For SpaceX, the first day of trading ended a long road. Mr. Musk founded the company 24 years ago with the idea of making humans a multi-planetary species. For years, his dreams of private spaceflight seemed out of reach.
But Mr. Musk has resurfaced the space race with partly reusable rockets and transformed communications with the company’s satellite Internet service, Starlink. In February, SpaceX bought his AI company, xAI, which owned social media platform X, creating a conglomerate of the tech billionaire’s diverse interests.
Mr. Musk has used SpaceX as something of a piggy bank over the past two decades, securing loans from the company and relying on the company to consolidate several struggling businesses in its orbit. This was made possible in part by Mr. Musk’s iron grip on SpaceX; it controlled about 85 percent of shareholder votes before the IPO due to a superfluous voting share class and other corporate structures.
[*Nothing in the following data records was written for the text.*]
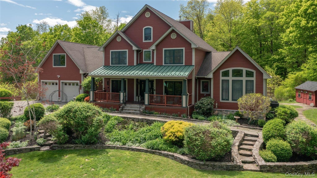 Tucked away on 20 peaceful acres in the scenic Town of Clinton, this distinctive contemporary retreat offers the rare combination of seclusion, style, and convenience. With the cachet of a Rhinebeck mailing address, inclusion in the Rhinebeck Central School District, and a location just minutes from Rhinebeck, Red Hook, and Millbrook, the property blends upscale country living with modern practicality. Perched on an elevated site across from Silver Lake, the home enjoys tranquil seasonal water views and a profound sense of privacy. Step inside to a wide, light-filled foyer that opens into the heart of the home—a dramatic living room with soaring vaulted ceilings, a striking floor-to-ceiling stone fireplace, and access to a generous rear deck overlooking the expansive, tree-framed backyard. Ideal for both entertaining and quiet moments, the main living area flows into a cozy den with French doors—perfect as a library, family room, or media space. The thoughtfully designed kitchen opens to a formal dining area, making dinner parties seamless. A nearby mudroom adds functionality with a half bath, laundry, storage, and direct access to the attached two-car garage. The main-level primary suite is a true sanctuary: spacious and serene, with dual walk-in closets and a spa-like en-suite bath that invites relaxation. Upstairs, two large bedrooms share a Jack-and-Jill bath, while an additional guest room or office has its own nearby full bath. A bright loft space, perfect for reading, working, or creative pursuits, overlooks the main living area and captures beautiful natural light through oversized windows. Rich hardwood floors and tasteful tilework add warmth and character throughout. On the finished lower level, you'll find an inviting media room, a wine cellar, a home gym complete with sauna, and another full bath—offering exceptional flexibility for daily living and entertaining alike. Beyond the main house, a matching oversized detached garage is a standout feature. With two deep bays accommodating up to four vehicles each—including one with car lifts—it’s ideal for collectors, hobbyists, or future creative use. Above, a fully finished studio or office with cushioned flooring and climate control (heat AND AC) via mini-splits offers endless potential. A side-covered bay provides room for outdoor projects or additional equipment storage. Both structures are clad in durable Hardie-board siding and backed by propane-fired standby generators for year-round comfort and reliability. Whether you're hosting weekend guests, pursuing passions in the studio, or simply enjoying a quiet evening on the deck, this property offers a rare opportunity to live expansively—with nature, luxury, and small-town charm in perfect balance.
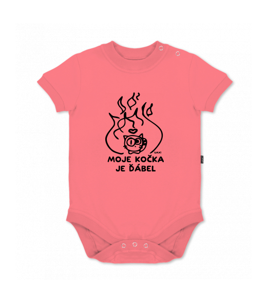 UAX baby body SHORT for kid with design 1326 MOJE KOČKA JE ĎÁBEL in color LOSOSOVA
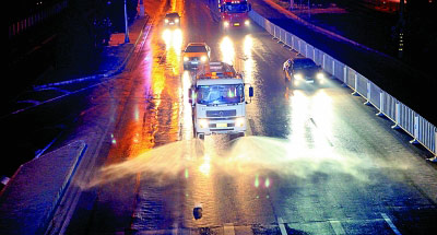 为加强地下水资源保护,北京市市政道路使用再生水。(新华社发)

During its IPO, SpaceX sold more than 555 million shares, representing just over 4% of the company’s outstanding shares. The company and its bankers courted traditional institutional investors and encouraged high-net-worth individuals and retail investors to buy. SpaceX also wanted several indexes to change their rules so that its shares would be included more quickly than usual, which would eventually force managers of large index funds to buy back the shares.
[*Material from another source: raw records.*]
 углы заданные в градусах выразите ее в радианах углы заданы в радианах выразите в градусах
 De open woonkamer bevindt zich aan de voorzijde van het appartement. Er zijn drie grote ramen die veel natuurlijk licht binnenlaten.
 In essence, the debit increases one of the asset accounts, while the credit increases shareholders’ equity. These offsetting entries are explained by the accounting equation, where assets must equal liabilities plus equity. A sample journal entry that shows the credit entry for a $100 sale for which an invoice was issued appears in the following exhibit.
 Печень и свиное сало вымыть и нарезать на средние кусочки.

SpaceX’s stock price is expected to fluctuate more and more in the weeks following its listing, not necessarily due to changes in opinion about the company, but due to certain technical details. SpaceX is expected to face strong demand for its relatively small number of available shares, which could lead to sharp price increases. That could change as investor enthusiasm wanes and more shares become available for trading.
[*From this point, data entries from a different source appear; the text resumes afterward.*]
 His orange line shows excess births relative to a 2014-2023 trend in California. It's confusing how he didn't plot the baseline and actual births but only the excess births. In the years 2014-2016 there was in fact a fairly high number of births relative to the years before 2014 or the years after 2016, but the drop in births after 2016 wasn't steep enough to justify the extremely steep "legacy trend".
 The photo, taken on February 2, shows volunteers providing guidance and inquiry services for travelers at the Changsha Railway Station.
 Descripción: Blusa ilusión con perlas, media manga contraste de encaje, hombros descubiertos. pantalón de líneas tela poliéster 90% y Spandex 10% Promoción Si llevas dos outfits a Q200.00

JPMorgan analysts said this week that the recent average IPO stock price increase stood at 32 percent after the first day of trading, but fell to a loss of 26 percent after 12 months.
In recent weeks, SpaceX, which has contracts with NASA and other federal agencies, has also faced questions about its business, including its spending and how it can justify its valuation. In its IPO prospectus, the company said it lost more than $4.9 billion last year, compared to a profit of $791 million in 2024 due to increased spending on AI. Revenue was $18.7 billion last year, up 33% from the previous year.
In contrast, Meta, which owns Facebook, Instagram and WhatsApp, is valued at slightly less than SpaceX, at just over $1.4 trillion, even though it generates far more revenue and generates significant profits. Last year, Meta’s revenue was $201 billion and its profit was $60.5 billion.
SpaceX said it planned to use the money raised from its IPO to repay loans and fund various lunar projects, including Mr. Musk’s goals of putting AI data centers into orbit, building a lunar factory and, eventually, sending humans to Mars.
Although skeptics question whether these plans are feasible, there is no shortage of Mr. Musk’s fans. In New York, an enthusiastic crowd of several dozen people gathered Friday morning in front of the Nasdaq building in Times Square, including Zach Boucher, 45, who came from California overnight to see SpaceX listed on Nasdaq.
Mr. Boucher said he was buying more than 2,200 SpaceX shares through Wells Fargo and “would never sell them, I’ll hold them for the long term.”
This moment is “like getting in on the ground floor of GE or GM, or being here at the Microsoft opening,” he said.
Goldman Sachs, Morgan Stanley, Bank of America, Citigroup, JPMorgan Chase and 18 other banks served as underwriters for SpaceX’s IPO.
(The New York Times sued OpenAI and Microsoft, alleging copyright infringement over news content related to AI systems. Both companies have denied the allegations.)
Joe Rennison And Lauren McCarthy contributed reporting from New York.